Through desigNYC, Darhil Crooks, art director of Esquire magazine, last year designed materials for Eating Healthy in Bed-Stuy, a campaign by Bed-Stuy Farm Share, a nonprofit working to combat obesity, diabetes, and heart disease in a New York City neighborhood where residents have little access to healthy foods. Darhil designed a guide with bold graphics and new photography featuring local residents. The piece introduces preventive health care concepts with specifics on diabetes and heart disease, facts about the neighborhood, seasonal recipes, and information about community food projects.

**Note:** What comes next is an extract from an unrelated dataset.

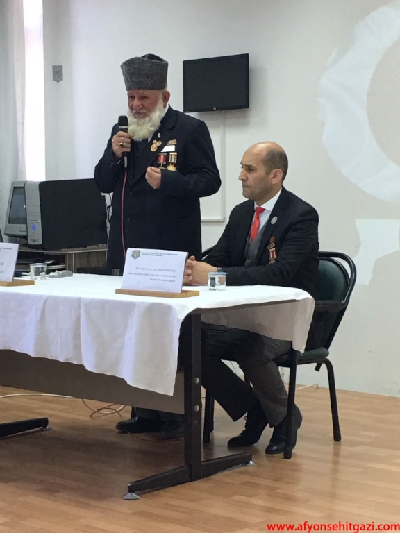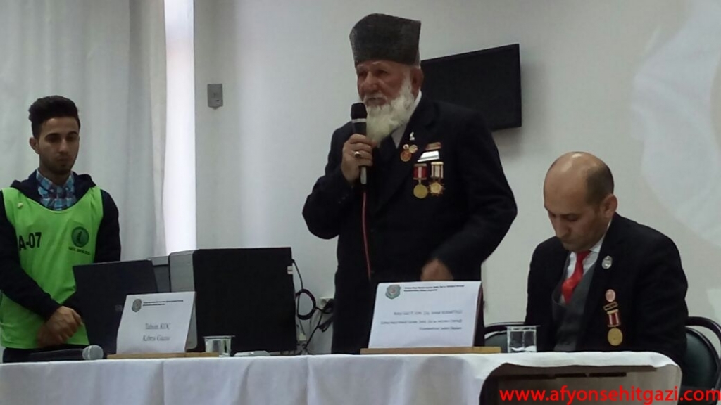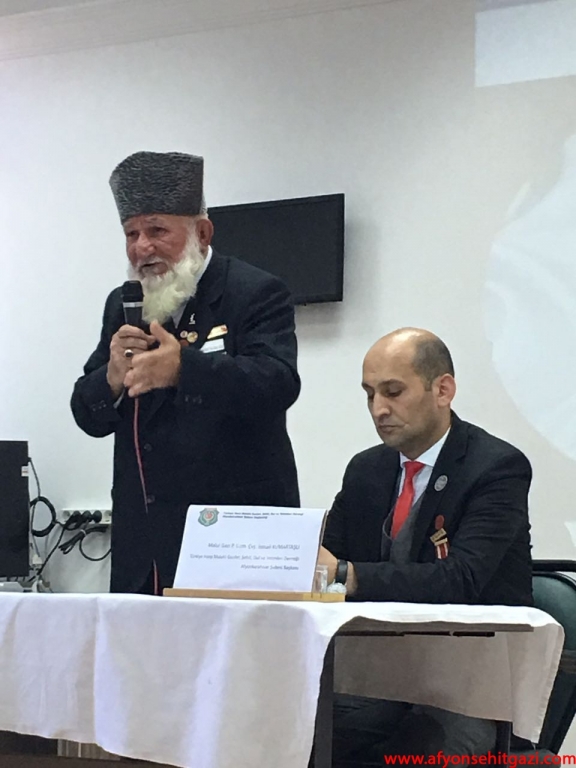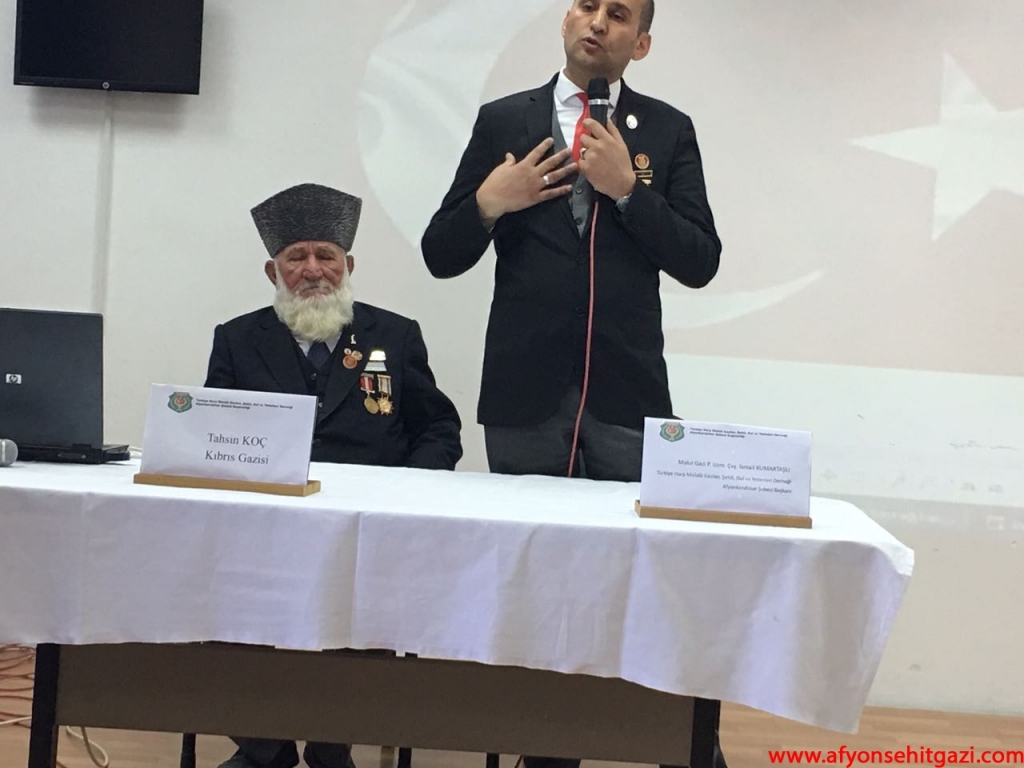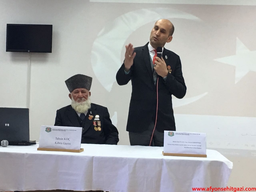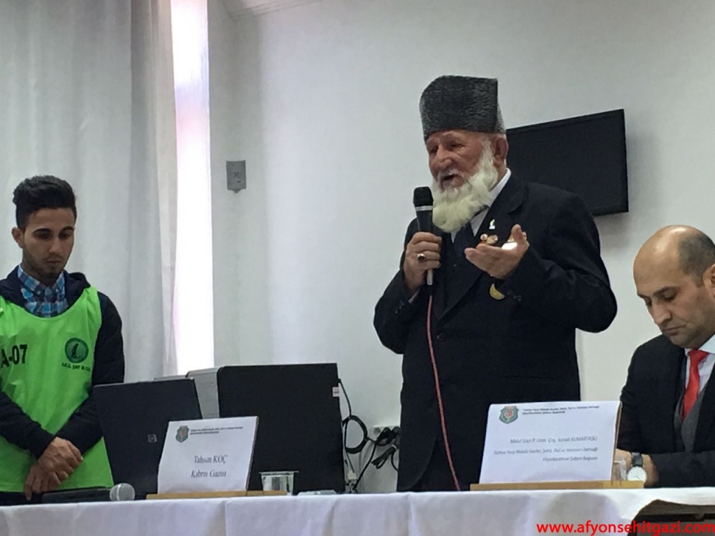 Türkiye Harp Malulü Gaziler, Şehit, Dul ve Yetimleri Derneği Afyonkarahisar Şubesi Başkanı Malul Gazi P. Uzm. Çvş. İsmail KUMARTAŞLI kendisini tanıtarak yaptığı konuşmasında; Başından geçen gazilik anılarını, fiziksel ve psikolojik etkilenmelerini ve kendisinde bıraktığı izleri paylaştı. 101. yılını kutladıkları Dernek’lerini tanıtarak tarihsel gelişimi üzerinden bu günkü durumu ile ilgili bilgiler verdi. Şehitlik payesine ulaşanlarla ilgili Dernek olarak cenaze ve taziye esnasında yapılanları anlatarak, bir tek çakıl taşını dahi düşmanlara vermeyip, gerekirse yine savaşa gidip vatan için canını feda edebileceğini, terör örgütlerine yataklık edenlerin geçmişte de olduğunu ve asla yılmayacaklarını, PKK terör örgütünün nasıl gelişim gösterdiği ve ülkemize ne tür zararlar verdiği üzerine bilgilendirmeler yaptı.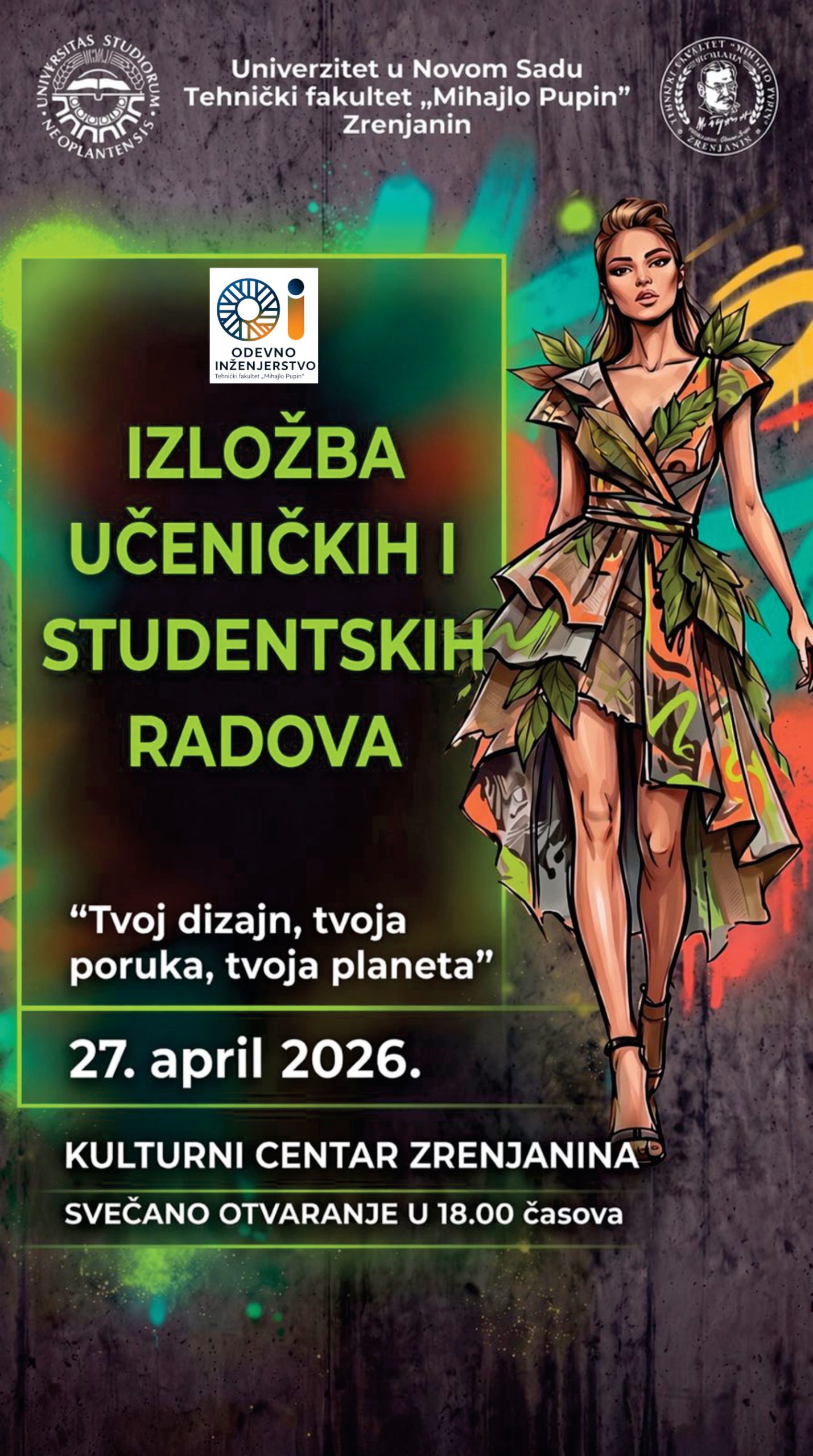 Izložba Tehničkog fakulteta „Mihajlo Pupin“ iz Zrenjanina „Tvoj dizajn, tvoja poruka, tvoja planeta“ otvara se u ponedeljak, 27. aprila u Malom salonu Kulturnog centra u 18 časova. Izložba obuhvata odabrane radove učenika srednjih škola koji su prispeli na istoimeni likovni konkurs koji je raspisao fakultet.

Across the country there are about 286,000 graphic designers, and increasingly they are donating their skills to nonprofits like Eating Healthy in Bed-Stuy. They are also starting to work to apply designing thinking to societal issues around the globe and to design new products and solutions that address social, economic and environmental issues.
The critical need for pro bono design efforts
Good design is critical to addressing progress in our society and should not just be available to those who can afford to buy it. Nonprofits are increasingly in competition for visibility, support, and funds, and well-designed programs, products, and collateral can set nonprofits apart. The sector’s need for design expertise includes the generation of informational, event-based, and fundraising collateral; programs and campaigns; and branding guidance and implementation.
Pro bono service has been practiced by designers for decades but is only recently becoming more transparent. The majority of these design professionals work at firms, which is also where the bulk of the pro bono work is done. Anecdotally, we have seen that most design firms donate at least 10 percent of their time to pro bono efforts. AIGA , the leading membership organization for the profession, has recently recognized this trend and is in the process of rolling out a formal program to encourage all designers to at least donate 5 percent of their time.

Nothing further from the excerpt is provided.